Notice the divergence of the ICE curves from the red partial dependence curve for `~-1 < num9 < ~1`. This divergence can be indicative of an interaction between input variables. The surrogate tree at the bottom of the notebook can provide further insight into which input variables are driving the detected interaction.

## Train and Display Surrogate Decision Tree

#### Train single h2o decision tree as surrogate between the XGBoost predictions and inputs

In [None]:
model_id = 'dt_surrogate_mojo' # gives MOJO artifact a recognizable name

# initialize single tree surrogate model
surrogate = H2ORandomForestEstimator(ntrees=1,          # use only one tree
                                     sample_rate=1,     # use all rows in that tree
                                     mtries=-2,         # use all columns in that tree
                                     max_depth=5,       # shallow trees are easier to understand
                                     seed=12345,        # random seed for reproducibility
                                     model_id=model_id) # gives MOJO artifact a recognizable name

# train single tree surrogate model
surrogate.train(x=X, y='predict', training_frame=rson_decile_hframe)

# persist MOJO (compiled, representation of trained model)
# from which to generate plot of surrogate
mojo_path = surrogate.download_mojo(path='.')
print('Generated MOJO path:\n', mojo_path)

#### Create GraphViz dot file of tree

In [None]:
# title for plot
title = 'Known Signal Data (with Validation) Decision Tree Surrogate'  

# locate h2o jar
hs = H2OLocalServer()
h2o_jar_path = hs._find_jar()
print('Discovered H2O jar path:\n', h2o_jar_path)

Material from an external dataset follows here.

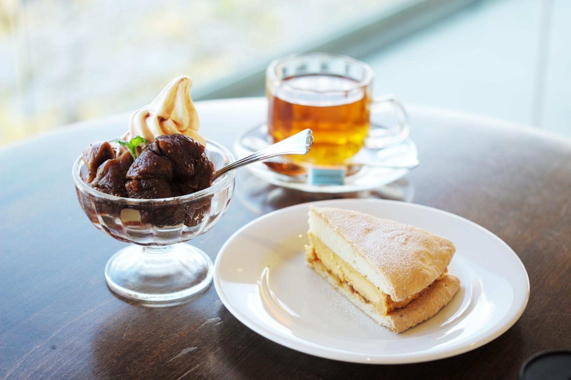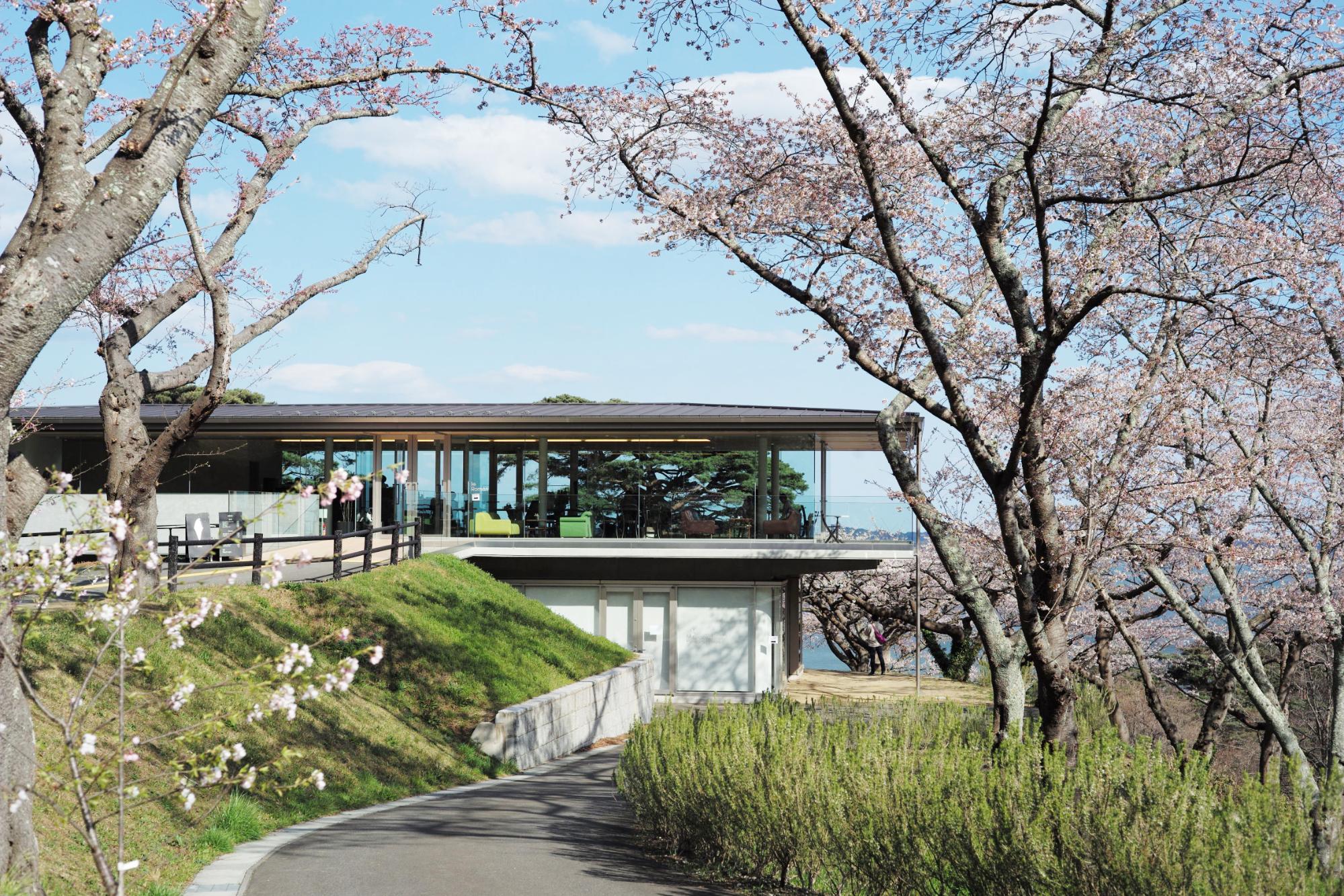 ร้านคาเฟ่ Café le Roman ตั้งอยู่บนเนินในสวน Saigyo Modoshi no Matsu Park จึงเป็นจุดที่เราสามารถชื่นชมวิวทั้งหมดที่ว่านี้อย่างพอเหมาะพอเจาะ ร้านดีไซน์เรียบเก๋เหมือนอยู่ในเมือง แต่กำแพงกระจกใสทั้งบานรอบด้านทำให้เรายังรู้สึกเชื่อมต่อกับธรรมชาติ เมนูอาหารและขนมที่นี่เป็นสไตล์ตะวันตก ชากาแฟมีครบ ฝากท้องของว่างยามบ่ายได้เลย

# construct command line call to generate graphviz version of 
# surrogate tree see for more information: 
# http://docs.h2o.ai/h2o/latest-stable/h2o-genmodel/javadoc/index.html
gv_file_name = model_id + '.gv'
gv_args = str('-cp ' + h2o_jar_path +
              ' hex.genmodel.tools.PrintMojo --tree 0 -i '
              + mojo_path + ' -o').split()
gv_args.insert(0, 'java')
gv_args.append(gv_file_name)
if title is not None:
    gv_args = gv_args + ['--title', title]
    
# call 
print()
print('Calling external process ...')
print(' '.join(gv_args))
_ = subprocess.call(gv_args)

#### Create PNG from GraphViz dot file and display

In [None]:
# construct call to generate PNG from 
# graphviz representation of the tree
png_file_name = model_id + '.png'
png_args = str('dot -Tpng ' + gv_file_name + ' -o ' + png_file_name)
png_args = png_args.split()

# call
print('Calling external process ...')
print(' '.join(png_args))
_ = subprocess.call(png_args)

#### Display surrogate tree in-notebook
Double click to zoom.

In [None]:
display(Image((png_file_name)))

In the decision tree above, there are parent-child node relationships between num9 and several other input variables for the range `~-1 < num9 < ~1`. These parent-child relationships can be indicative of the variables driving the interactions detected in the partial dependence and ICE plot above.

#### Shutdown H2O
After using h2o, it's typically best to shut it down. However, before doing so, users should ensure that they have saved any h2o data structures, such as models and H2OFrames, or scoring artifacts, such as POJOs and MOJOs.

In [None]:
# be careful, this can erase your work!
h2o.cluster().shutdown()

**Conclusion**: In this notebook, direct and indirect model explanation techniques were combined to gain insights into the behavior of a complex ML model.